**Aim of the task**
Quote these lines exactly: the one that holds "Richell expandable pet" and every line after it to the end of the material below. Skip pictures.

**Input for this task**
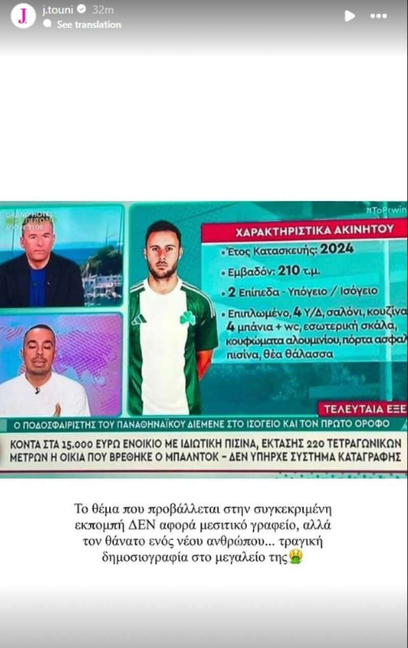 Λίγο αργότερα, η Ιωάννα Τούνη ανήρτησε ένα story στο Instagram, μέσα από το οποίο στράφηκε εναντίον του Γιώργου Λιάγκα, γράφοντας: «Το θέμα που προβάλλεται στην συγκεκριμένη εκπομπή ΔΕΝ αφορά μεσιτικό γραφείο, αλλά τον θάνατο ενός ανθρώπου… τραγική δημοσιογραφία στο μεγαλείο της».
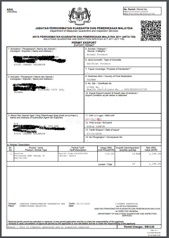 今年的新冠肺炎疫情真是打擊到了馬來西亞的各行各業,燕窩當然也在其中,具體表現就是外勞工人難找,還有就是客戶沒錢了,訂單也多少是有些影響的,但是小曹及我們的工廠還是繼續努力、再接再厲、全力以赴的把事情做好,比如我們的臺灣和日本客戶正常的瓶裝即食燕窩還是可以按規定運作,比如這次的馬來西亞燕窩出口臺灣客戶還是按照之前的樣子做出口,哪怕是在馬來西亞各個政府部門都減少辦公甚至不辦公的情況下還是安排有序出口報關事宜。
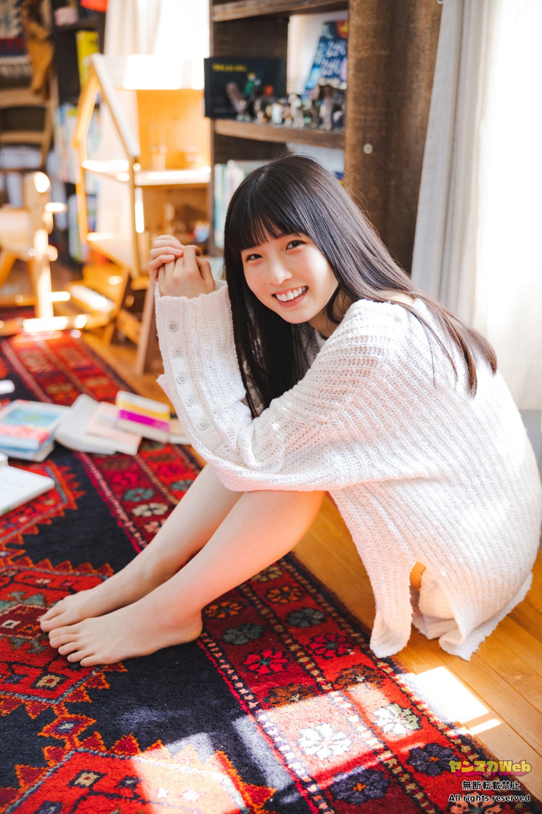 STU48尾崎世里花、部屋着姿で美脚チラリ
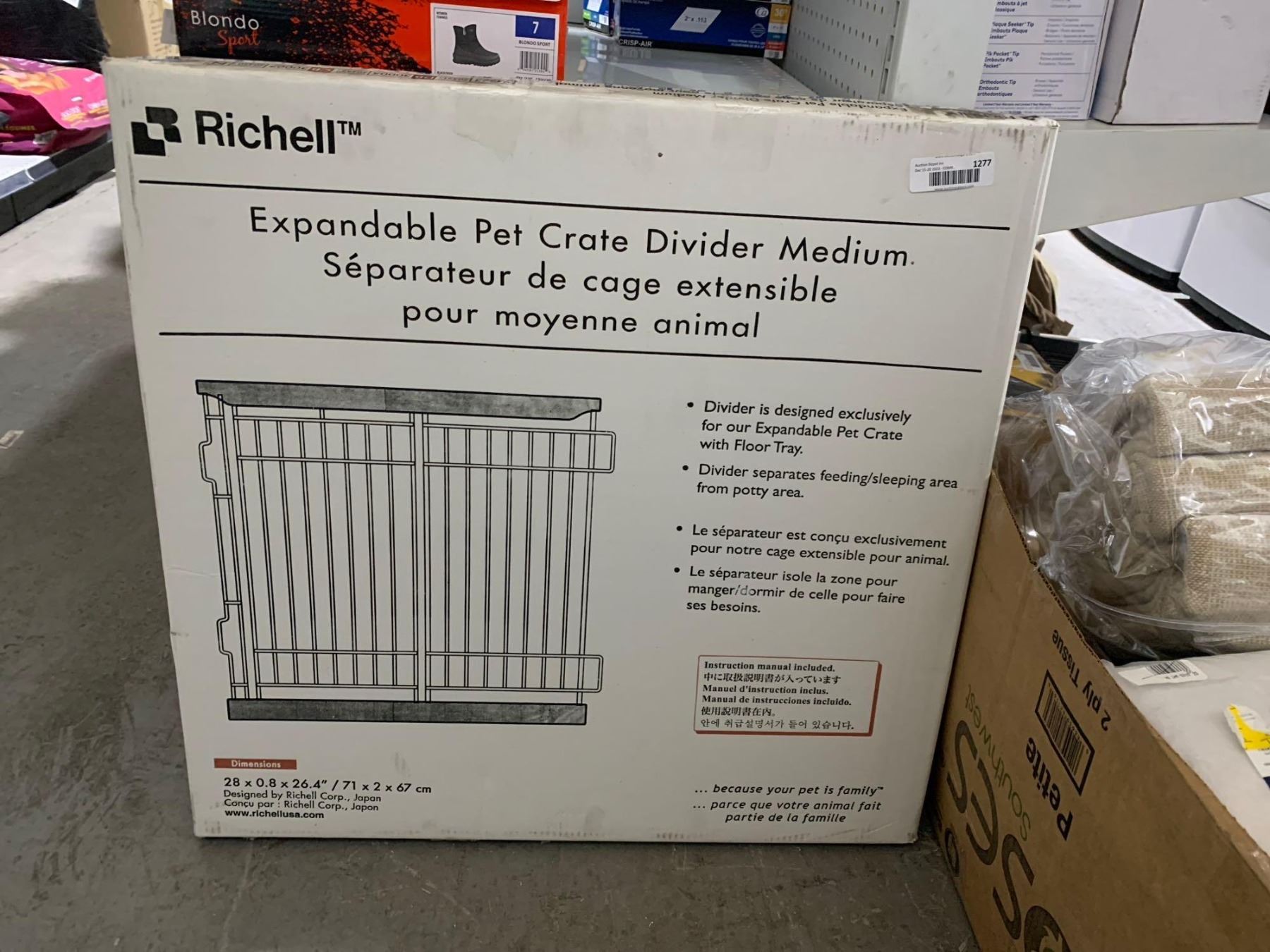 Richell expandable pet crate divider 28"x0.8"x26.4"
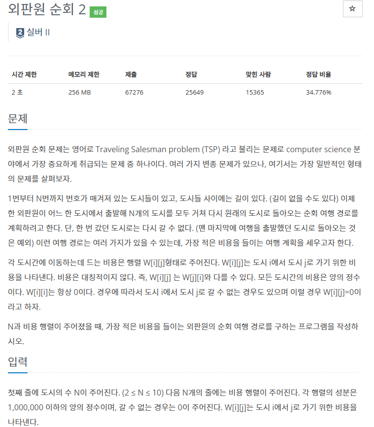 recur(i, i, 0, 0); // 0번 도시부터 재귀 호출

**Written response**
 Richell expandable pet crate divider 28"x0.8"x26.4"
 recur(i, i, 0, 0); // 0번 도시부터 재귀 호출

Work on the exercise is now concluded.